**Prompt**
Omit all pictures and transcribe only the lines in the entries below that run from the line with "Gucci celebrates house" through the line with "The atmosphere is".

**Given information**
>>>>

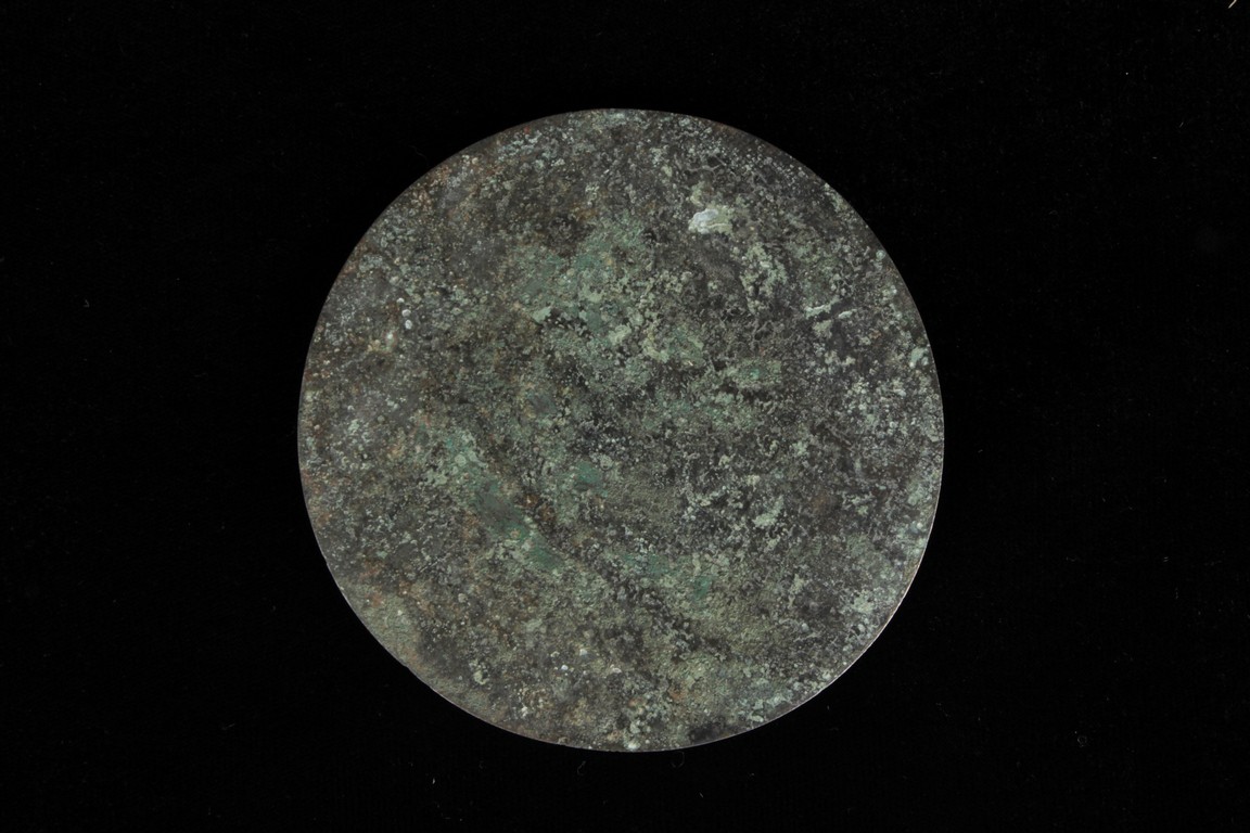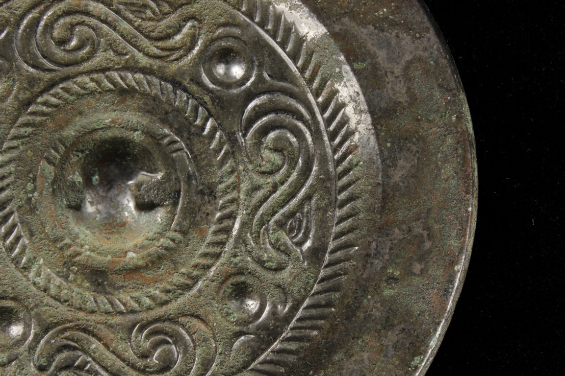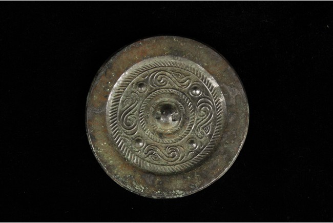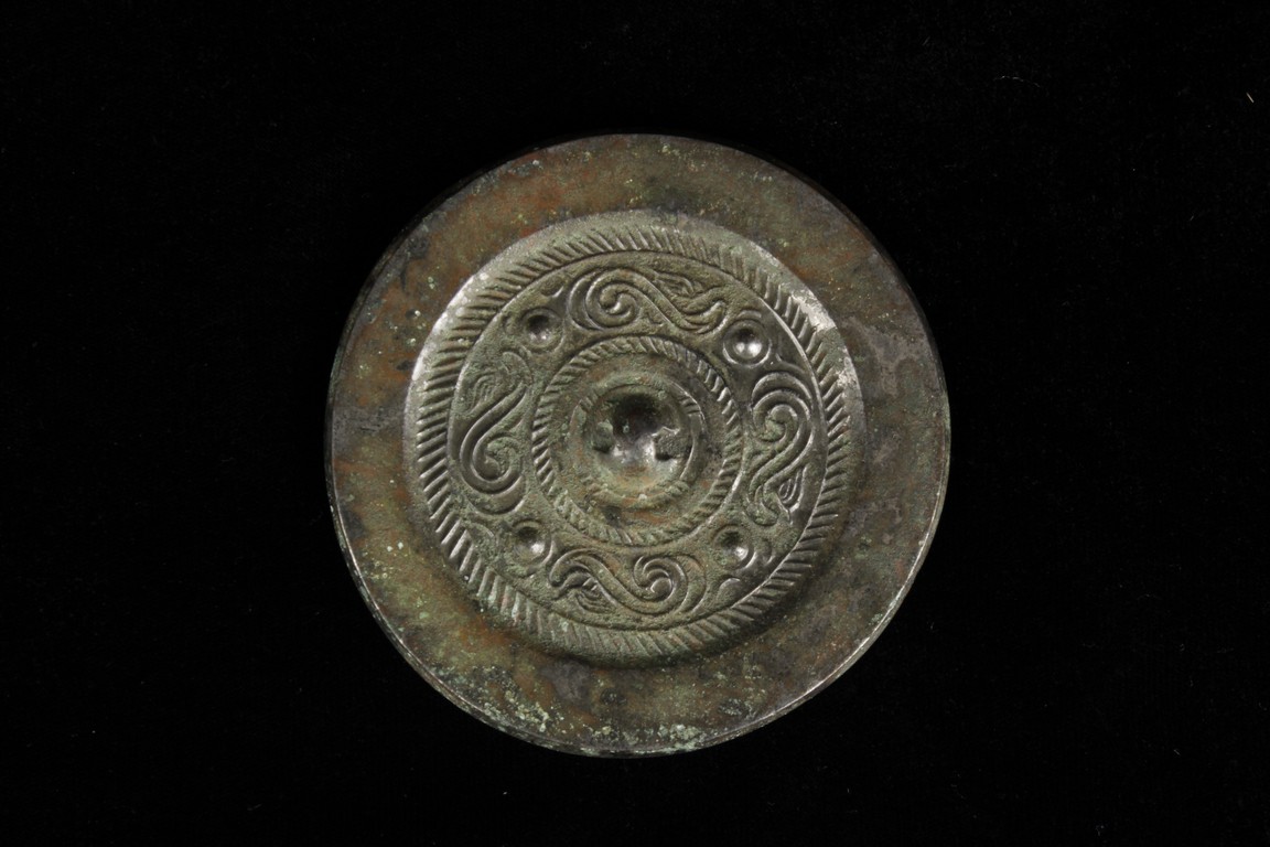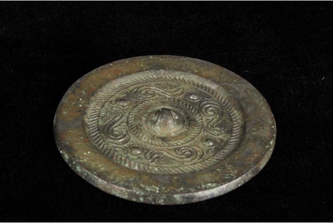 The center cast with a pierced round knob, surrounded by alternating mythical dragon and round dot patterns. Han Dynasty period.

<<<<
>>>>

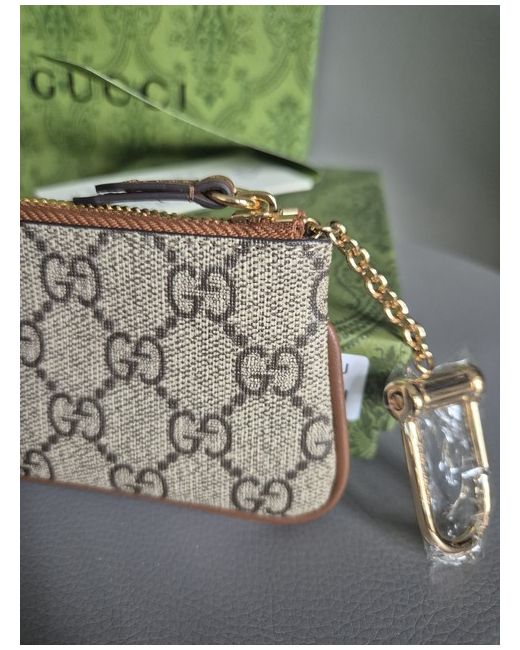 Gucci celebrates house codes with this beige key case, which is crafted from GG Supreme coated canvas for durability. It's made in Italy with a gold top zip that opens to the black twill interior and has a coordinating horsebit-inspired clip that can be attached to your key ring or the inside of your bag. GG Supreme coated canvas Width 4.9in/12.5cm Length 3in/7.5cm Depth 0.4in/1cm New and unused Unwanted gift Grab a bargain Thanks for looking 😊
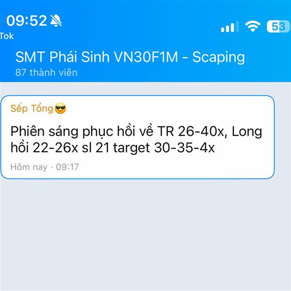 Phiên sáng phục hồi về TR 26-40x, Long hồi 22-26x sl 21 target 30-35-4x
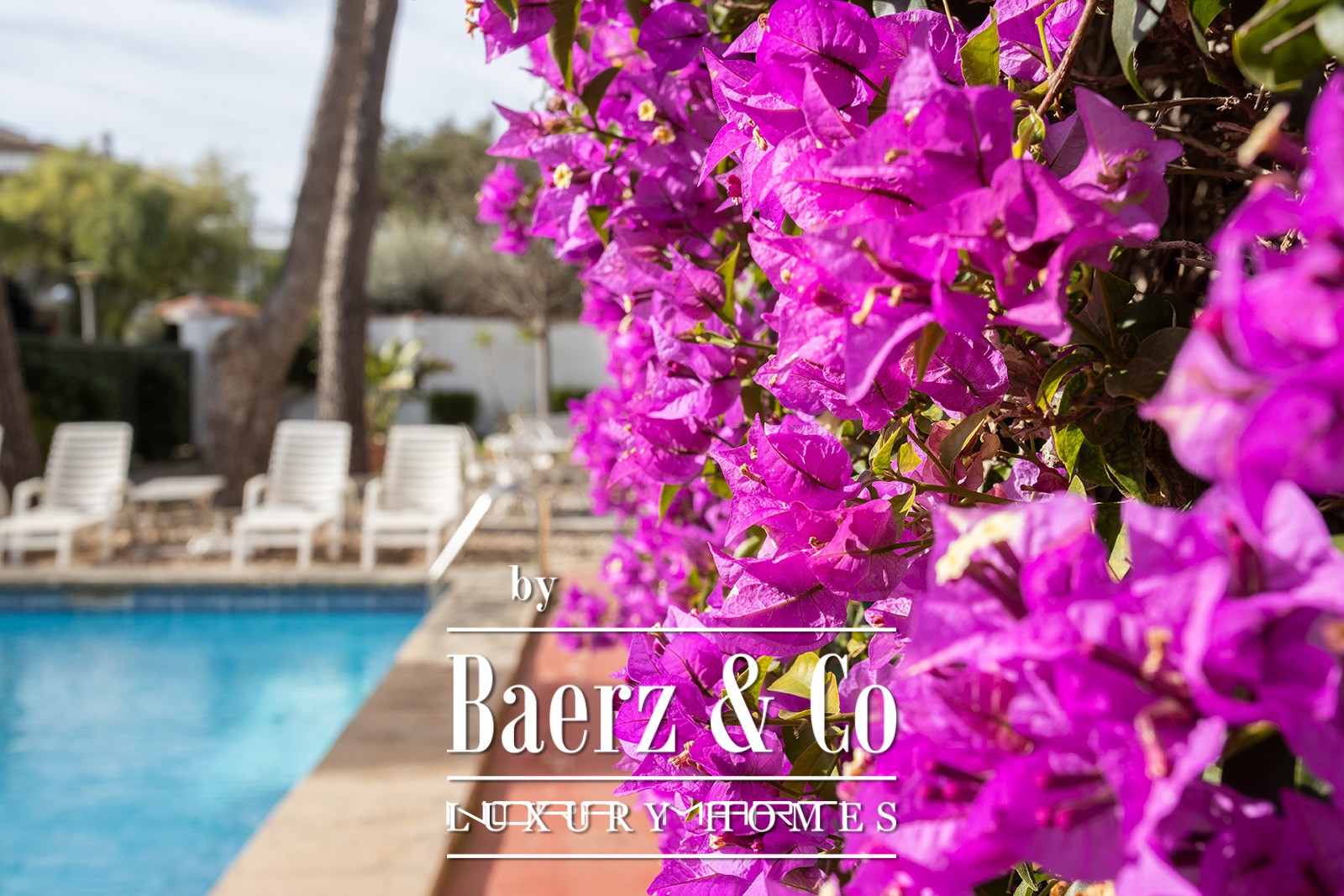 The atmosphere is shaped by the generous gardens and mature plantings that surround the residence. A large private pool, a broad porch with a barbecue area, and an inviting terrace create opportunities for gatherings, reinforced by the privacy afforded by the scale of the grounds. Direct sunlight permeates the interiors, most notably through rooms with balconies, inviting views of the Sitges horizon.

<<<<
>>>>

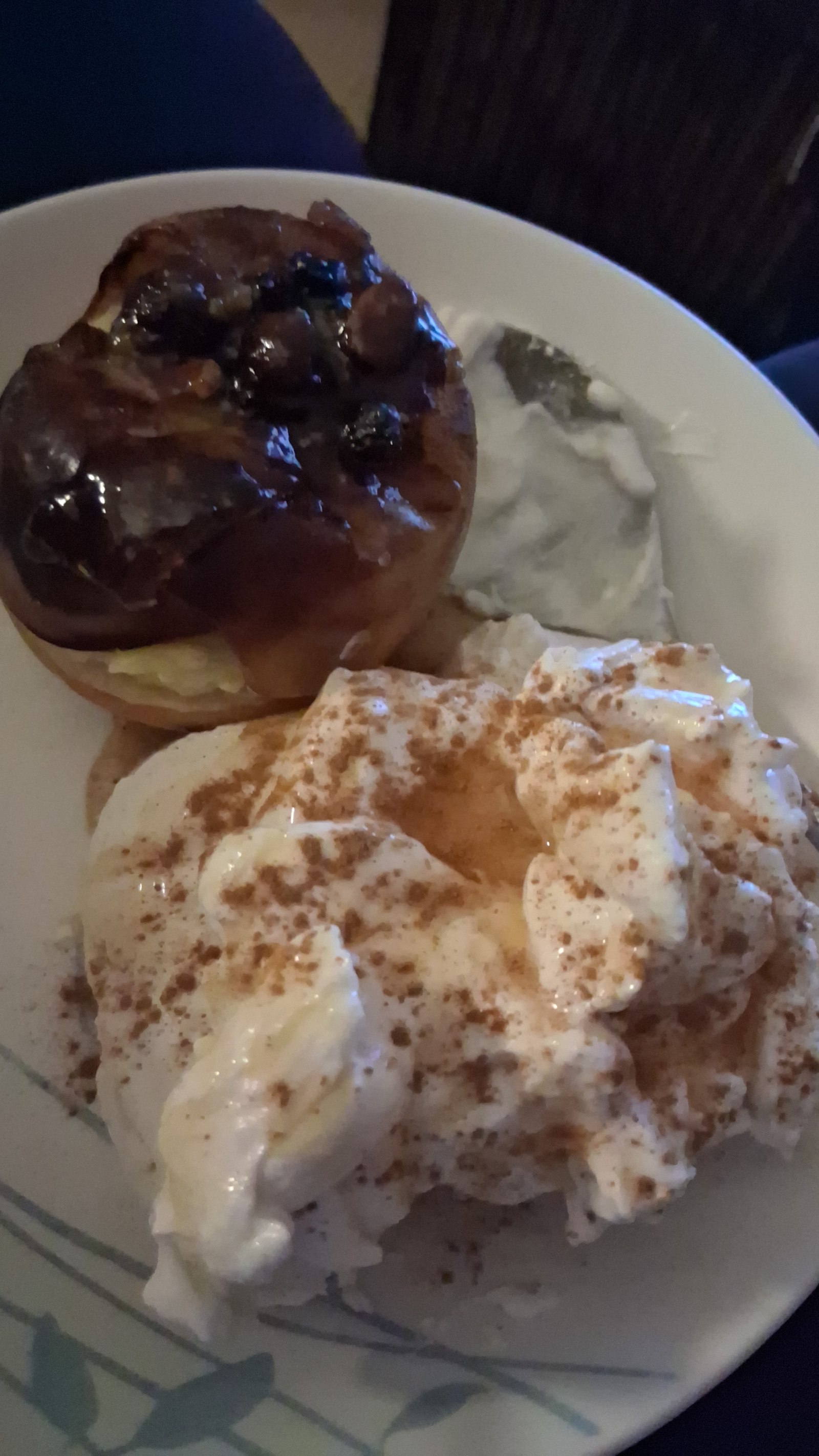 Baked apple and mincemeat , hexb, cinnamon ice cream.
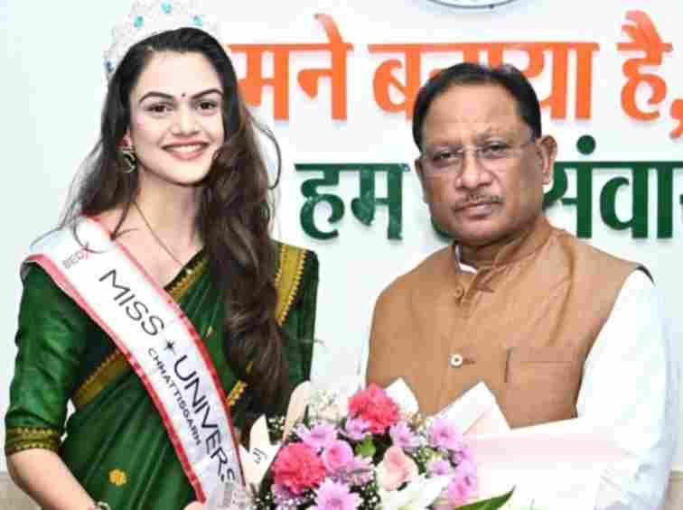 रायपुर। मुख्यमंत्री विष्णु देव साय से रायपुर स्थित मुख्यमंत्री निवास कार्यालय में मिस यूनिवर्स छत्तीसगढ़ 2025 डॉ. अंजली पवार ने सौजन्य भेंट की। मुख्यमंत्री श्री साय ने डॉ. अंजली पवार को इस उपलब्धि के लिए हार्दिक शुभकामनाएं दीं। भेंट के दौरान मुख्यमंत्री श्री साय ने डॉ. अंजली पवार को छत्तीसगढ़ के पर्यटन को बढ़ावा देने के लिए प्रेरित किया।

<<<<

**Output below**
 Gucci celebrates house codes with this beige key case, which is crafted from GG Supreme coated canvas for durability. It's made in Italy with a gold top zip that opens to the black twill interior and has a coordinating horsebit-inspired clip that can be attached to your key ring or the inside of your bag. GG Supreme coated canvas Width 4.9in/12.5cm Length 3in/7.5cm Depth 0.4in/1cm New and unused Unwanted gift Grab a bargain Thanks for looking 😊
 Phiên sáng phục hồi về TR 26-40x, Long hồi 22-26x sl 21 target 30-35-4x
 The atmosphere is shaped by the generous gardens and mature plantings that surround the residence. A large private pool, a broad porch with a barbecue area, and an inviting terrace create opportunities for gatherings, reinforced by the privacy afforded by the scale of the grounds. Direct sunlight permeates the interiors, most notably through rooms with balconies, inviting views of the Sitges horizon.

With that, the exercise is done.